▸ TASK ITEM
After removing every image, reproduce the data exactly as it appears.

▸ RECORDED DATA
* * * * * * * * *

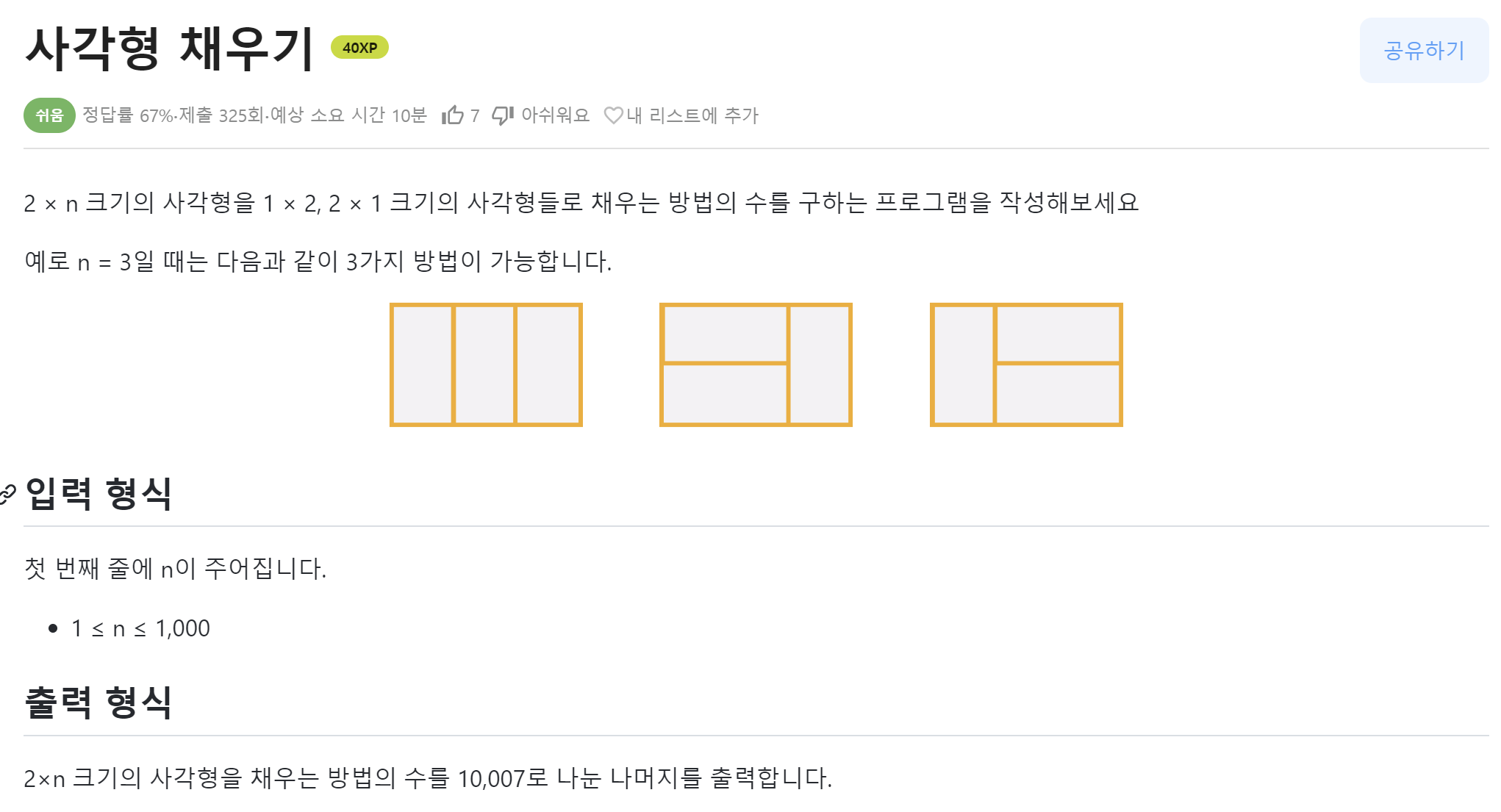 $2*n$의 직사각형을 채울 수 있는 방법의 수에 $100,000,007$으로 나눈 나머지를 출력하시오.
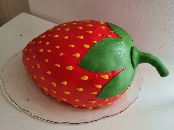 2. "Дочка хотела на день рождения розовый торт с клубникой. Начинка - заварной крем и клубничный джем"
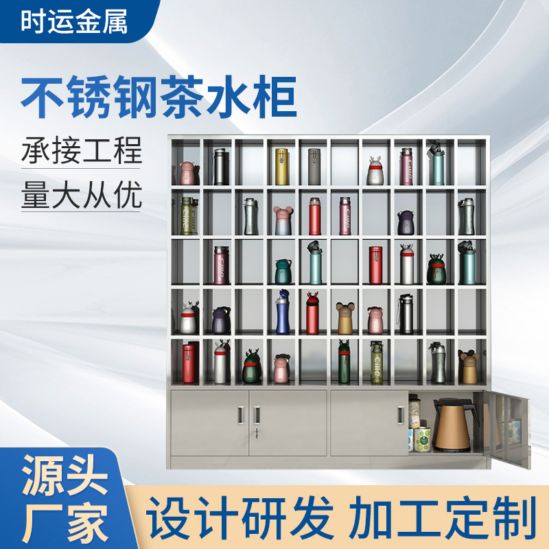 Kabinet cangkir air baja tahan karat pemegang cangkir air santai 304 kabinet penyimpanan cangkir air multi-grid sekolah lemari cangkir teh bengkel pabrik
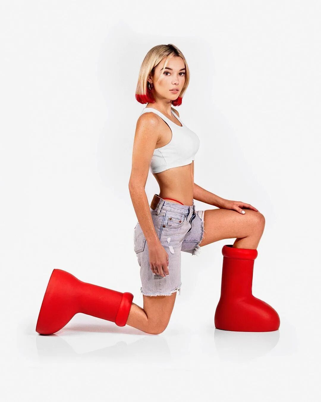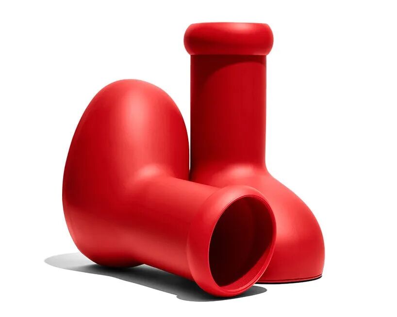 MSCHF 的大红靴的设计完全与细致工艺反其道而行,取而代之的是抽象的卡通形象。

* * * * * * * * *

▸ OUTPUT
 $2*n$의 직사각형을 채울 수 있는 방법의 수에 $100,000,007$으로 나눈 나머지를 출력하시오.
 2. "Дочка хотела на день рождения розовый торт с клубникой. Начинка - заварной крем и клубничный джем"
 Kabinet cangkir air baja tahan karat pemegang cangkir air santai 304 kabinet penyimpanan cangkir air multi-grid sekolah lemari cangkir teh bengkel pabrik
 MSCHF 的大红靴的设计完全与细致工艺反其道而行,取而代之的是抽象的卡通形象。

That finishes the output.